"How do you expect this woman--Sister Margaret--might be able to help you?"
"Staff turnover is high at youth shelters," Dylan explained. "The one where my mom worked was no exception. A friend of hers who used to work with her there just gave me Sister Margaret's name and that photograph. She says the sister retired a few years ago, but she'd been volunteering in several New York shelters since around the 1970s, which is just the kind of person we need to talk to."
"Someone who's been around the shelters for a long time and might be able to identify past residents from a basic sketch," Savannah said, gesturing to the hand-drawn faces tacked to the walls.
Jenna nodded. "Those sketches represent women who've been in area shelters?"
"Those sketches," Alex said from beside Jenna, "are Breedmates being held by Dragos as we speak."
"You mean they're still alive?"
"They were a couple of months ago." Renata's voice was grim. "A friend of the Order's, Claire Reichen, used her Breedmate talent for dreamwalking to locate Dragos's headquarters. She saw the captives--
upward of twenty of them--locked in prison cells in his laboratory. Although Dragos relocated his operations before we could save them, Claire has been working with a sketch artist to document the faces she saw."
"In fact, that's where Claire is right now, she and Elise both," Alex said. "Elise has a lot of friends in the Breed civilian community here in Boston. She and Claire have been working on a couple of new sketches, based on what Claire saw that day in Dragos's lair."
"Once we have faces of the captives," Dylan said, "we can start looking for names and possible family members. Anything that can help bring us closer to who these women are."
"What about databases for missing persons?" Jenna asked. "Have you compared the sketches to profiles listed with groups like the National Center for Missing Persons?"
"We did, and we've come up empty everywhere," Dylan said. "A lot of these women and girls in the shelters are runaways and orphans. A lot of them are throwaways. Some of them are walkaways, who deliberately cut all ties with family and friends. The end result is the same: They have no one to look for them or miss them, so there were no reports filed."
Renata grunted softly in acknowledgment and seemed to speak from some experience. "When you have no one and nothing, you can vanish and it's like you never existed in the first place."
From her years in Alaska law enforcement, Jenna knew how true that could be. Folks could disappear without a trace in big cities or small interior communities alike. It happened every day, although she never would have imagined it happened for the reasons that Dylan, Savannah, Renata, and the other women were explaining to her now. "So, what's your plan once you have identified the missing Breedmates?">"Damn," he ground out, his body thrumming all over again from just the remembered image of her beautiful face, tipped up to look at him.
If he hadn't known better, he would have thought she'd been waiting for him to kiss her. Everything male inside him had been clamoring with that certainty at the time, but he knew it would be the last thing Jenna needed.
She was confused and vulnerable, and he supposed he was a better man than the one who might take advantage of that fact simply because his libido craved a taste of her. Of course, that didn't make him feel any better about the raging hard-on that was suddenly coming back to life again, honor be damned.
"Way to go, hero," he berated himself tightly. "Now you're gonna need to soak in a tub of ice water for a week to pay for being noble."

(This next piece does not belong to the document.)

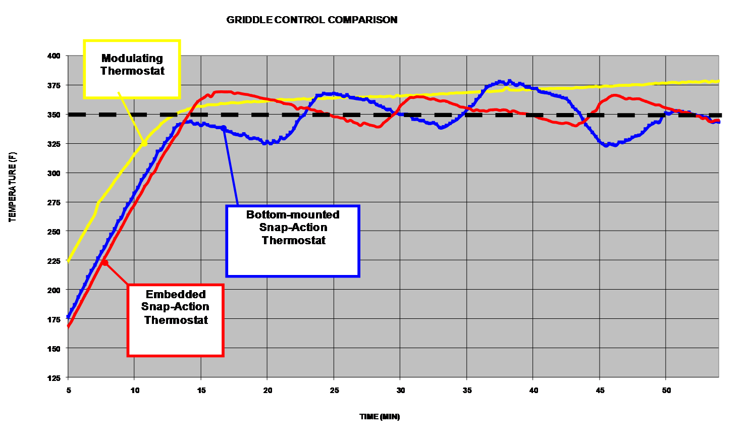 Lab data and chart of temperature response profiles for 1" thick griddle plate with a variety of control mechanisms.

"Are you unwell?" Hunter asked, startling Brock to realize the other male was still standing behind him in the room.
"Yeah," Brock said, giving a sardonic chuckle. "I am unwell, all right.
If you want to know the truth, I've been unwell since the moment I laid eyes on her."
"The human female," Hunter replied with grim understanding. "It is apparent that she is a problem for you."
Brock blew out a humorless sigh. "You think?"
"Yes, I do." There was no judgment in the answer, only level statement of fact. He spoke like a machine: total precision, zero feeling. "I presume everyone in the tech lab reached the same conclusion today, when you allowed Chase to provoke your anger over his comments regarding your attachment to the woman. Your actions showed a weakness in your training, and worse, a lack of self-control. You reacted carelessly."
"Thanks for noticing," Brock replied, suspecting his sarcasm was wasted on the unsociable, unflappable Hunter. "Remind me to bust your balls from here to next week if you ever loosen up enough to let a woman get under your skin."
Hunter didn't react, merely stared at him without a speck of emotion.
"That will not happen."
"Shit," Brock said, shaking his head at the rigid Gen One soldier who'd been raised on neglect and punishing discipline. "You obviously haven't been with the right woman if you can sound so sure of yourself."
Hunter's expression remained stoic. Distant and detached. In fact, the longer Brock looked at him, the more clearly he began to see the truth.
"Holy hell. Have you ever been with a woman, Hunter? My God ... you're a virgin, aren't you?"
The Gen One's golden eyes stayed fixed on Brock's gaze as though he considered it a test of will that he not permit the revelation to affect him.